Typically, says Richard, the cruise would loop from the Scotchman to 16th Street to Colfax, sometimes over and over in one night. But the scene, with its crowds of speeding teenagers, soon drew the attention of local police.

“The establishment — the powers that be — they wanted to make sure everybody was safe and everybody followed the rules, that kind of thing,” Richard says. “But this culture tends to be rebel-ish.”

Though the Scotchman closed in 1977 and police started cracking down even harder on racing and cruising, the scene didn’t die there. Many of the cruisers from back in the day flock to the monthly “Supercruise” in Golden and gather regularly for Colorado Mopar club events. Richard says that her son frequents the cruise meets, including those of 1320 CC.

“The passion continues, even with the younger crowd. It’s a real big thing, with quite a big following,” Richard says. “There is such a huge, huge car culture here in Denver and in Colorado itself.”

Maintaining the next generation of car cruising is important to Bandimere — his son also cruises with 1320 CC — but he does raise some concerns about the scene.

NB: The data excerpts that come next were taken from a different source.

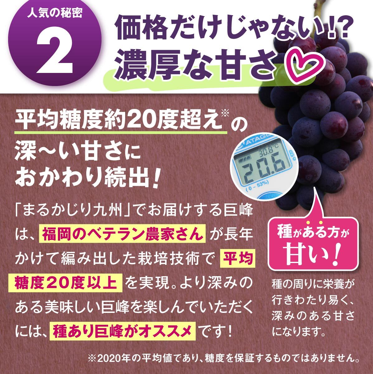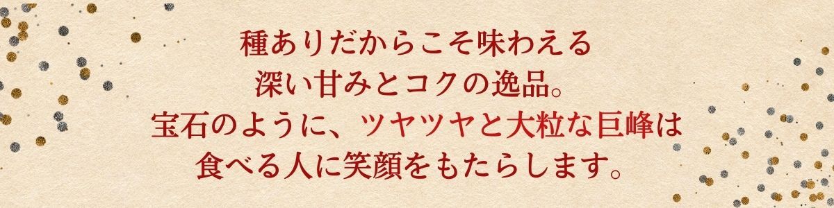 近年は食べやすさから種なし巨峰も人気がありますが、種あり巨峰のほうが種の周りに栄養が行きわたりやすいため甘味と酸味、渋みのバランスが良く、深みのある巨峰本来の美味しさが味わえることから、どの農家さんも種あり巨峰をお勧めしています。
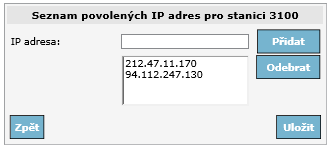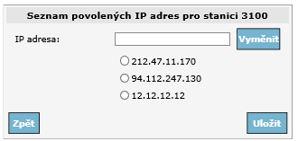 Uživatel smí zadat maximálně 3 IP. Následně smí IP pouze vyměnit. Zrušit ji a dát více smí pouze Správce. IP přidá / změní tlačítkem Uložit.
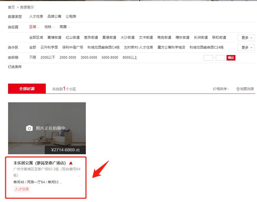 第二步:在人才住房小区中找到“丰乐居公寓”或“佛伦斯中心”,并点击进入,如下图所示:
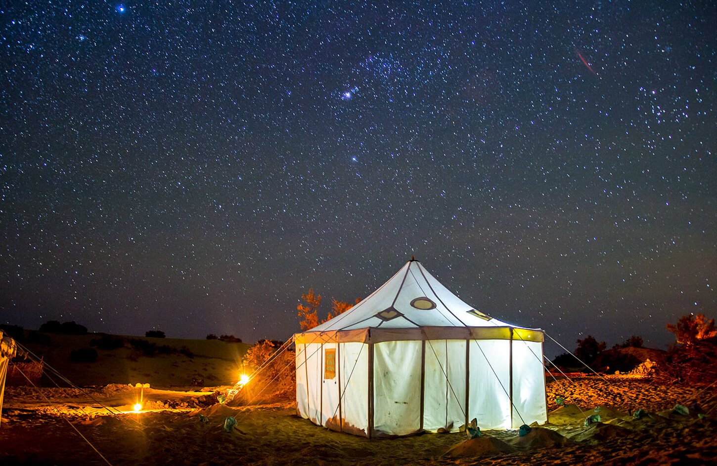 일몰 후, 저녁을 위해 사막 롯지로 돌아가 휴식을 취하세요.

“As long as they’re being responsible, it’s a cool thing,” Bandimere says. “The difference is, though, back [in the ’70s], cars were not nearly as fast. You did not have near the amount of traffic, so they could kind of get away with it and not cause a whole lot of grief. But today, kids have got cars that come off the showroom floor that can run a quarter-mile in ten seconds at 140 miles per hour. So that whole element has changed a lot.”

Rivera and Chavez say they have built a community with 1320. On top of the club, they’ve launched a YouTube channel to showcase superb local auto work and have spearheaded an annual fundraising and donation event that provides low-income children with Christmas presents.

Chavez says he has a tremendous amount of respect for Rivera. “I wouldn’t be who I am without 1320 CC and him, for sure,” he says. “He taught me social skills, too, and did that for a lot of other people. And I don’t think he realizes that all the time, but that’s what he does.”

Rivera is also proud of the community he’s helped build in the past decade.

“What I love about the car meets, man, we all get along with each other,” he says. “I love that our meets bring us some kind of unity. It’s just a passion for the cars.”